What would bring up another language ? Would everyone switch to it ? https://www.explainxkcd.com/wiki/index.php/927:_Standards
Kochise,
C will continue being the standard for APIs. Languages have to be compatible with it, not because C deserves this status, but because it was there first and doesn’t use the same starting line.
That’s the thing with popularity contests. Things become less about merit and more about the network effects. Like most incumbencies C is propelled by sheer popularity despite the problems it causes.
There are already plenty of successors to C++. Is this another C-like object-oriented language with all the “problematic features” ripped out and a whole new standard class library?
One of my first thoughts was “Does it support older versions of macOS? I’m sure some people will want to target Carbon from Carbon.”
Oh yeah, I forgot about this one, thank for the reminder.
Before reading the blurb, my first thought was to wonder why Google was moving to MacOS when they are so heavy into Linux. Then I had to wonder how a business based on search algorithms would choose a name that would be so hard to search for. “programming carbon” and “carbon language” are going to bring up a lot more Apple resources than Google resources.
Wonder what the interoperability will be between Carbon and Rust?

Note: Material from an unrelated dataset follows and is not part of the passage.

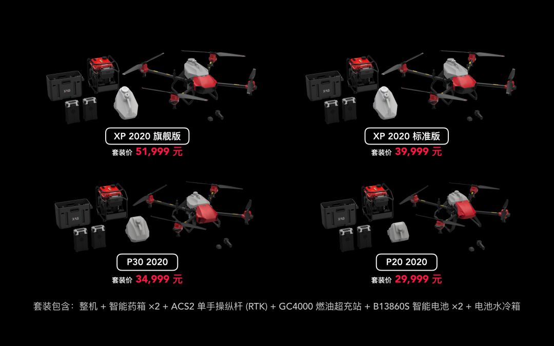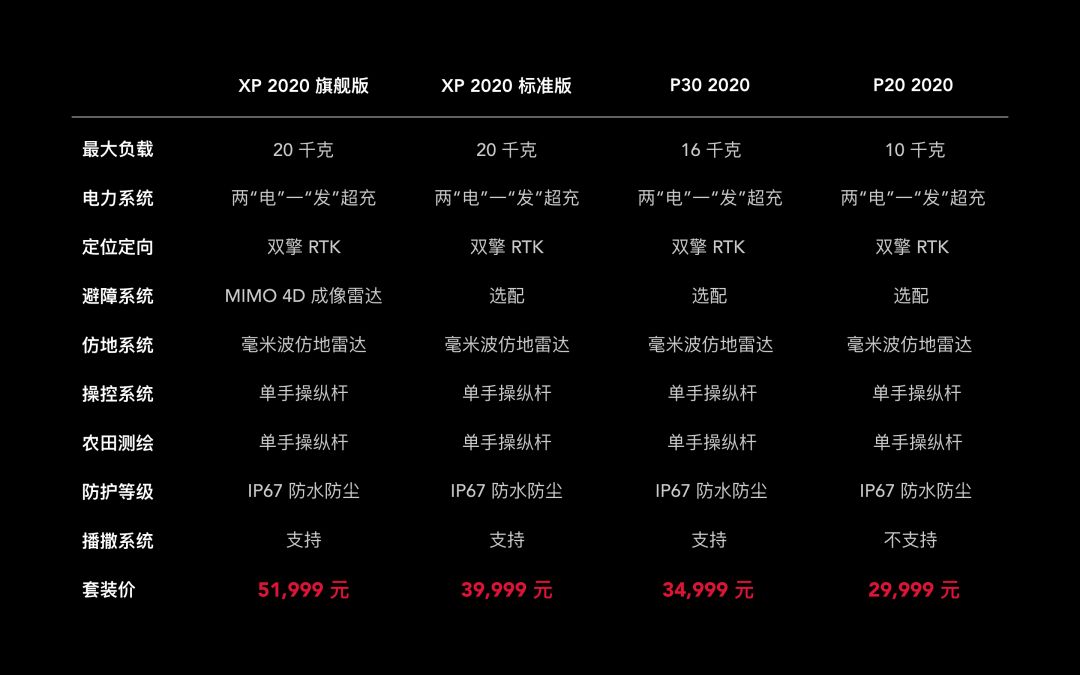价格上,XP 2020 款农业无人机标准版到手即用价为 39999 元,P30 2020 套装价为 34999 元,P20 2020 款套装价为 29999 元,大大降低了购置门槛,也为更多农业生产者打开智慧农业的大门。

Will it be analogous to C++ and C?
Not really. 2003 was 20 years ago.
And the amount of activity in Carbon for MacOS has been minuscule since then.
“2003 was 20 years ago.” – Time’s running fast these days, but not _that_ fast :D.
Again a successor for C++ ?
At first it was Java.
Then C#. (Which have a preprocessor)
And D.
And Rust.
And Googles own language Go.
Carbon’s syntax looks a little bit like Java and Scala.
But hopefullly it is now really 100% compatible with C++.
That means, it is easy to write Qt applications in Carbon?
Can you write Qt application using Carbon that target the Carbon environment on MacOS X?
Carbon disappeared a long time ago on macOS
I see the same set of issues from google coding as I see in Microsoft!
Embrace the existing. Extend the methodology. Extinguish the old system.
I wish mega-corps would stop messing around with the backbone of tech. The C family is too important to have any aspect locked down by one company.
Every attempt to go it alone (D, E, G, V, Carbon, etc) creates some variation that as a source package is one more headache for the user.
From the little I have read this language is more like Swift. While there are other C++ successors they can’t easily use existing C++ code. They need to use bindings using the C ABI as an intermediary step (extern “C”) and/or foreign function interfaces like JNI that are not trivial Meanwhile in Swift you can directly use a class written in Objective C and if I understand correctly this is the objective with Carbon.